- **STORED DATA**:
────────────────────────────────────────

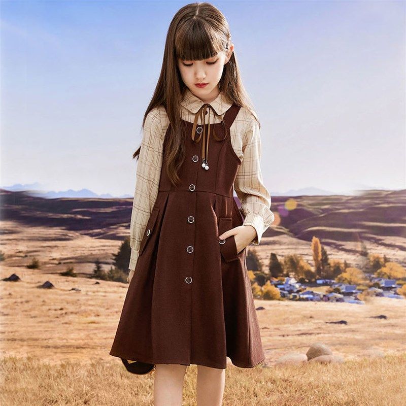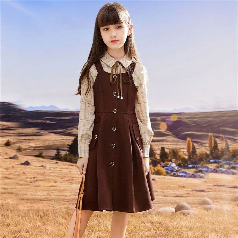 女童连衣裙新款春秋季背带裙衬衫裙子两件套儿童套裙2024时尚套装
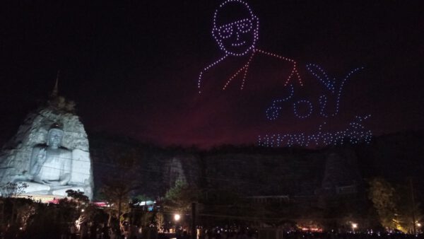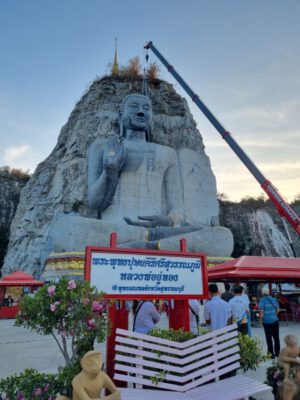 ทั้งนี้ พระพุทธปุษยคีรีศรีสุวรรณภูมิ” (หลวงพ่ออู่ทอง) เริ่มก่อสร้างปี 2553 โดยพระธรรมพุทธิมงคล ที่ปรึกษาเจ้าคณะภาค14และเจ้าอาวาสวัดป่าเลไลยก์วรวิหาร ได้ผ่านมาเห็นภูเขาทำเทียมอำเภออู่ทอง มีรอยเว้าแหว่งทำให้นึกถึงพระพุทธรูปที่ภูเขาบามิยันประเทศอัฟกานิสถาน ที่ถูกตาลีบันทำลาย จึงปรารถนาจะสร้างพระพุทธรูปไว้ในที่แห่งนี้เป็นการแกะหินบนหน้าผาแห่งเดียวในสุพรรณบุรี โดยเริ่มแกะสลักองค์พระที่หน้าผาตั้งแต่ปี 2557จนถึงปี 2561จึงแล้วเสร็จใช้เวลาแกะสลัก 4 ปี 2 เดือน พร้อมตกแต่งสถานที่ให้สวยงามและ องค์การบริหารการพัฒนาพื้นที่พิเศษเพื่อการท่องเที่ยวอย่างยั่งยืน (องค์การมหาชน) หรือ อพท. ได้ดำเนินการจัดสร้าง Sky Walk เพื่อชมพระพุทธปุษยคีรีศรีสุวรรณภูมิ พระแกะสลักภูผาที่“ใหญ่ที่สุดในโลกหรือหลวงพ่ออู่ทอง เป็นพระพุทธรูปปางโปรดพุทธมารดา ที่เกิดจากการแกะสลักหน้าผาหินแบบลอยนูน มีความสูง 108 เมตร ฐานกว้าง 88 เมตร หน้าตักกว้าง 65 เมตร เป็นส่วนหนึ่งของการสร้างพุทธมณฑลจังหวัดสุพรรณบุรี พื้นที่โดยรอบ ประมาณ 100 ไร่ ใช้งบประมาณกว่า100 ล้านบาท จากเงินของประชาชนร่วมกันบริจาคทั้งสิ้น ขณะที่ได้ทีการเจาะอุโมงค์เป็นห้องโถงคล้ายถ้ำขนาดใหญ่ที่บริเวณด้านหลังพระพุทธปุษยคีรี ศรีสุวรรณภูมิ เพื่อใช้สำหรับเป็นห้องประชุม และสถานที่ปฏิบัติธรรม โดยมีพื้นที่ ประมาณ 14,400 ตร.ม. ใช้งบประมาณการก่อสร้างประมาณ 288 ล้านบาท ซึ่งภายหลังเสร็จสิ้นพิธีได้มีการบินโดรน 400 ลำ แปรอักษรบนท้องฟ้า เป็นรูปพระพุทธปุษยคีรีศรีสุวรรณภูมิและ แหล่งท่องเที่ยวต่างๆ ที่หน้าผาเขามังกรบิน ซึ่งเป็นครั้งแรกของจังหวัดสุพรรณบุรี
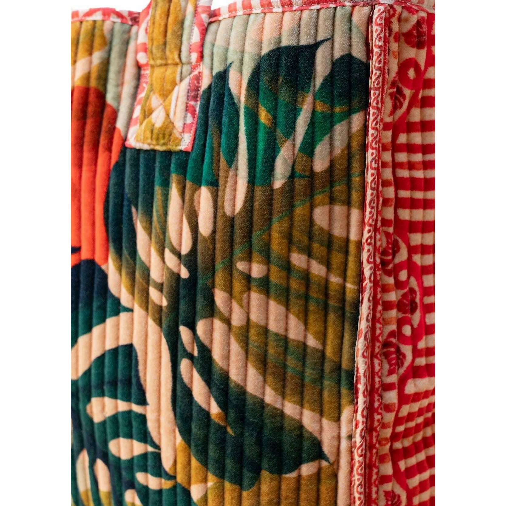 Powder Exotic Leaves Luxe Velvet Quilted Tote - Beige/Red/Green

────────────────────────────────────────

- **PROBLEM**: Every line above should be reproduced exactly, please, with no pictures included.

- **RESULT FOR THIS EXERCISE**:
 女童连衣裙新款春秋季背带裙衬衫裙子两件套儿童套裙2024时尚套装
 ทั้งนี้ พระพุทธปุษยคีรีศรีสุวรรณภูมิ” (หลวงพ่ออู่ทอง) เริ่มก่อสร้างปี 2553 โดยพระธรรมพุทธิมงคล ที่ปรึกษาเจ้าคณะภาค14และเจ้าอาวาสวัดป่าเลไลยก์วรวิหาร ได้ผ่านมาเห็นภูเขาทำเทียมอำเภออู่ทอง มีรอยเว้าแหว่งทำให้นึกถึงพระพุทธรูปที่ภูเขาบามิยันประเทศอัฟกานิสถาน ที่ถูกตาลีบันทำลาย จึงปรารถนาจะสร้างพระพุทธรูปไว้ในที่แห่งนี้เป็นการแกะหินบนหน้าผาแห่งเดียวในสุพรรณบุรี โดยเริ่มแกะสลักองค์พระที่หน้าผาตั้งแต่ปี 2557จนถึงปี 2561จึงแล้วเสร็จใช้เวลาแกะสลัก 4 ปี 2 เดือน พร้อมตกแต่งสถานที่ให้สวยงามและ องค์การบริหารการพัฒนาพื้นที่พิเศษเพื่อการท่องเที่ยวอย่างยั่งยืน (องค์การมหาชน) หรือ อพท. ได้ดำเนินการจัดสร้าง Sky Walk เพื่อชมพระพุทธปุษยคีรีศรีสุวรรณภูมิ พระแกะสลักภูผาที่“ใหญ่ที่สุดในโลกหรือหลวงพ่ออู่ทอง เป็นพระพุทธรูปปางโปรดพุทธมารดา ที่เกิดจากการแกะสลักหน้าผาหินแบบลอยนูน มีความสูง 108 เมตร ฐานกว้าง 88 เมตร หน้าตักกว้าง 65 เมตร เป็นส่วนหนึ่งของการสร้างพุทธมณฑลจังหวัดสุพรรณบุรี พื้นที่โดยรอบ ประมาณ 100 ไร่ ใช้งบประมาณกว่า100 ล้านบาท จากเงินของประชาชนร่วมกันบริจาคทั้งสิ้น ขณะที่ได้ทีการเจาะอุโมงค์เป็นห้องโถงคล้ายถ้ำขนาดใหญ่ที่บริเวณด้านหลังพระพุทธปุษยคีรี ศรีสุวรรณภูมิ เพื่อใช้สำหรับเป็นห้องประชุม และสถานที่ปฏิบัติธรรม โดยมีพื้นที่ ประมาณ 14,400 ตร.ม. ใช้งบประมาณการก่อสร้างประมาณ 288 ล้านบาท ซึ่งภายหลังเสร็จสิ้นพิธีได้มีการบินโดรน 400 ลำ แปรอักษรบนท้องฟ้า เป็นรูปพระพุทธปุษยคีรีศรีสุวรรณภูมิและ แหล่งท่องเที่ยวต่างๆ ที่หน้าผาเขามังกรบิน ซึ่งเป็นครั้งแรกของจังหวัดสุพรรณบุรี
 Powder Exotic Leaves Luxe Velvet Quilted Tote - Beige/Red/Green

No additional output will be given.